#### [Dataset content]
-- Opening Marker --
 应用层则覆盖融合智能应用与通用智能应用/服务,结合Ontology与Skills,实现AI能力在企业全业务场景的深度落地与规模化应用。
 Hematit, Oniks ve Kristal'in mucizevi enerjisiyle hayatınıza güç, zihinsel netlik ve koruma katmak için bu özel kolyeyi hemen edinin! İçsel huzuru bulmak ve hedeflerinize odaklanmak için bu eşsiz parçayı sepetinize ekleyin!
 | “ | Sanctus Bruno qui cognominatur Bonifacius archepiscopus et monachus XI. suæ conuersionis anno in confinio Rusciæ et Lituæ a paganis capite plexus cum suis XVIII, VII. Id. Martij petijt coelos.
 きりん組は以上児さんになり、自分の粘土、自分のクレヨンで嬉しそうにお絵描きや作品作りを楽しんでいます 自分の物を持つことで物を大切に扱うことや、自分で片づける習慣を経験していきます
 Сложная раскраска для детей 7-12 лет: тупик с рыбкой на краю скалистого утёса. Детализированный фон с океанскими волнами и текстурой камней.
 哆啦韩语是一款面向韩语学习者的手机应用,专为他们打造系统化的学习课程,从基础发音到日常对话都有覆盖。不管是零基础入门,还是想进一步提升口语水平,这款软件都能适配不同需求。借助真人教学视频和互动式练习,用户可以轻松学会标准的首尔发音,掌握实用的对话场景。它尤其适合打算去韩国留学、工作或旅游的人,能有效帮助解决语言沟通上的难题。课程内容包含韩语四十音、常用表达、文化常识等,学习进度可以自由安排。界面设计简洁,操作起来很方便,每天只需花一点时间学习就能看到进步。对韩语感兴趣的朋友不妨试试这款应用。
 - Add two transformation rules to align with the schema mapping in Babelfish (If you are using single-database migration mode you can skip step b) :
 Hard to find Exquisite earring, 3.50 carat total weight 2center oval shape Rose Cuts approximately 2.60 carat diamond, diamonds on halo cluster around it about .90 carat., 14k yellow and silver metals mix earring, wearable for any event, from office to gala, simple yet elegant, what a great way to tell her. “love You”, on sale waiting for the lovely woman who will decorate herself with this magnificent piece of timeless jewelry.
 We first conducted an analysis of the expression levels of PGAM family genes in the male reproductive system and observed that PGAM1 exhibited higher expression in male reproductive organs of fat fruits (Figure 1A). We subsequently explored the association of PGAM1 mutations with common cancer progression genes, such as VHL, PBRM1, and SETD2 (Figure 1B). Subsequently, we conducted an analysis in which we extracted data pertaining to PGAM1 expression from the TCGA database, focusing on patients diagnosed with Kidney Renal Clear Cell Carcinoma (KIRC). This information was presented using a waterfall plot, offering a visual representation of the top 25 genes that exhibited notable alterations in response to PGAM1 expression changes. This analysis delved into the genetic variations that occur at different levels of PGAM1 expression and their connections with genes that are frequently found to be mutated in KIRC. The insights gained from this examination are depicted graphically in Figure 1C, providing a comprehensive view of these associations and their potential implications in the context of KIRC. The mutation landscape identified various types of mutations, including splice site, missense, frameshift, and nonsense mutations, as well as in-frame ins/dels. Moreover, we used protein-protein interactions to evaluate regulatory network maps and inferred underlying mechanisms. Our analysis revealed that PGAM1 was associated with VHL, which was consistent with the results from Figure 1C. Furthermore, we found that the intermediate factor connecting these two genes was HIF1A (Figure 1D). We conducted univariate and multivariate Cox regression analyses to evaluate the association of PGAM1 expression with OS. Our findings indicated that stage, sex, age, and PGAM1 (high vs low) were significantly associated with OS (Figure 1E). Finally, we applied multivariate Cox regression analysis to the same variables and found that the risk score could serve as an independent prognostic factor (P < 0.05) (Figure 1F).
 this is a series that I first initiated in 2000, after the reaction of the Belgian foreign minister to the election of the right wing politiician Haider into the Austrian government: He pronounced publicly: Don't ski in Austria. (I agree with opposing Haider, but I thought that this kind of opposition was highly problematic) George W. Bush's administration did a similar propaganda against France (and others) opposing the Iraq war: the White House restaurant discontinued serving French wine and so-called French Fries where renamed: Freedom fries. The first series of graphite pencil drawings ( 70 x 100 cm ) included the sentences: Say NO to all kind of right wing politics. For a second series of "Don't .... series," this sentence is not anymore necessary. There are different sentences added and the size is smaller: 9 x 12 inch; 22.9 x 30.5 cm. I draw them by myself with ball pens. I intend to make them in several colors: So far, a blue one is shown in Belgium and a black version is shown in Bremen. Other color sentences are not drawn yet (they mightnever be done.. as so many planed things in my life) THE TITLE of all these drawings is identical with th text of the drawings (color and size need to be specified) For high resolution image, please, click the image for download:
-- Closing Marker --
#### [Exercise instructions]
So that no detail is lost, give every line of the data again exactly.

#### [Problem solution]
 应用层则覆盖融合智能应用与通用智能应用/服务,结合Ontology与Skills,实现AI能力在企业全业务场景的深度落地与规模化应用。
 Hematit, Oniks ve Kristal'in mucizevi enerjisiyle hayatınıza güç, zihinsel netlik ve koruma katmak için bu özel kolyeyi hemen edinin! İçsel huzuru bulmak ve hedeflerinize odaklanmak için bu eşsiz parçayı sepetinize ekleyin!
 | “ | Sanctus Bruno qui cognominatur Bonifacius archepiscopus et monachus XI. suæ conuersionis anno in confinio Rusciæ et Lituæ a paganis capite plexus cum suis XVIII, VII. Id. Martij petijt coelos.
 きりん組は以上児さんになり、自分の粘土、自分のクレヨンで嬉しそうにお絵描きや作品作りを楽しんでいます 自分の物を持つことで物を大切に扱うことや、自分で片づける習慣を経験していきます
 Сложная раскраска для детей 7-12 лет: тупик с рыбкой на краю скалистого утёса. Детализированный фон с океанскими волнами и текстурой камней.
 哆啦韩语是一款面向韩语学习者的手机应用,专为他们打造系统化的学习课程,从基础发音到日常对话都有覆盖。不管是零基础入门,还是想进一步提升口语水平,这款软件都能适配不同需求。借助真人教学视频和互动式练习,用户可以轻松学会标准的首尔发音,掌握实用的对话场景。它尤其适合打算去韩国留学、工作或旅游的人,能有效帮助解决语言沟通上的难题。课程内容包含韩语四十音、常用表达、文化常识等,学习进度可以自由安排。界面设计简洁,操作起来很方便,每天只需花一点时间学习就能看到进步。对韩语感兴趣的朋友不妨试试这款应用。
 - Add two transformation rules to align with the schema mapping in Babelfish (If you are using single-database migration mode you can skip step b) :
 Hard to find Exquisite earring, 3.50 carat total weight 2center oval shape Rose Cuts approximately 2.60 carat diamond, diamonds on halo cluster around it about .90 carat., 14k yellow and silver metals mix earring, wearable for any event, from office to gala, simple yet elegant, what a great way to tell her. “love You”, on sale waiting for the lovely woman who will decorate herself with this magnificent piece of timeless jewelry.
 We first conducted an analysis of the expression levels of PGAM family genes in the male reproductive system and observed that PGAM1 exhibited higher expression in male reproductive organs of fat fruits (Figure 1A). We subsequently explored the association of PGAM1 mutations with common cancer progression genes, such as VHL, PBRM1, and SETD2 (Figure 1B). Subsequently, we conducted an analysis in which we extracted data pertaining to PGAM1 expression from the TCGA database, focusing on patients diagnosed with Kidney Renal Clear Cell Carcinoma (KIRC). This information was presented using a waterfall plot, offering a visual representation of the top 25 genes that exhibited notable alterations in response to PGAM1 expression changes. This analysis delved into the genetic variations that occur at different levels of PGAM1 expression and their connections with genes that are frequently found to be mutated in KIRC. The insights gained from this examination are depicted graphically in Figure 1C, providing a comprehensive view of these associations and their potential implications in the context of KIRC. The mutation landscape identified various types of mutations, including splice site, missense, frameshift, and nonsense mutations, as well as in-frame ins/dels. Moreover, we used protein-protein interactions to evaluate regulatory network maps and inferred underlying mechanisms. Our analysis revealed that PGAM1 was associated with VHL, which was consistent with the results from Figure 1C. Furthermore, we found that the intermediate factor connecting these two genes was HIF1A (Figure 1D). We conducted univariate and multivariate Cox regression analyses to evaluate the association of PGAM1 expression with OS. Our findings indicated that stage, sex, age, and PGAM1 (high vs low) were significantly associated with OS (Figure 1E). Finally, we applied multivariate Cox regression analysis to the same variables and found that the risk score could serve as an independent prognostic factor (P < 0.05) (Figure 1F).
 this is a series that I first initiated in 2000, after the reaction of the Belgian foreign minister to the election of the right wing politiician Haider into the Austrian government: He pronounced publicly: Don't ski in Austria. (I agree with opposing Haider, but I thought that this kind of opposition was highly problematic) George W. Bush's administration did a similar propaganda against France (and others) opposing the Iraq war: the White House restaurant discontinued serving French wine and so-called French Fries where renamed: Freedom fries. The first series of graphite pencil drawings ( 70 x 100 cm ) included the sentences: Say NO to all kind of right wing politics. For a second series of "Don't .... series," this sentence is not anymore necessary. There are different sentences added and the size is smaller: 9 x 12 inch; 22.9 x 30.5 cm. I draw them by myself with ball pens. I intend to make them in several colors: So far, a blue one is shown in Belgium and a black version is shown in Bremen. Other color sentences are not drawn yet (they mightnever be done.. as so many planed things in my life) THE TITLE of all these drawings is identical with th text of the drawings (color and size need to be specified) For high resolution image, please, click the image for download:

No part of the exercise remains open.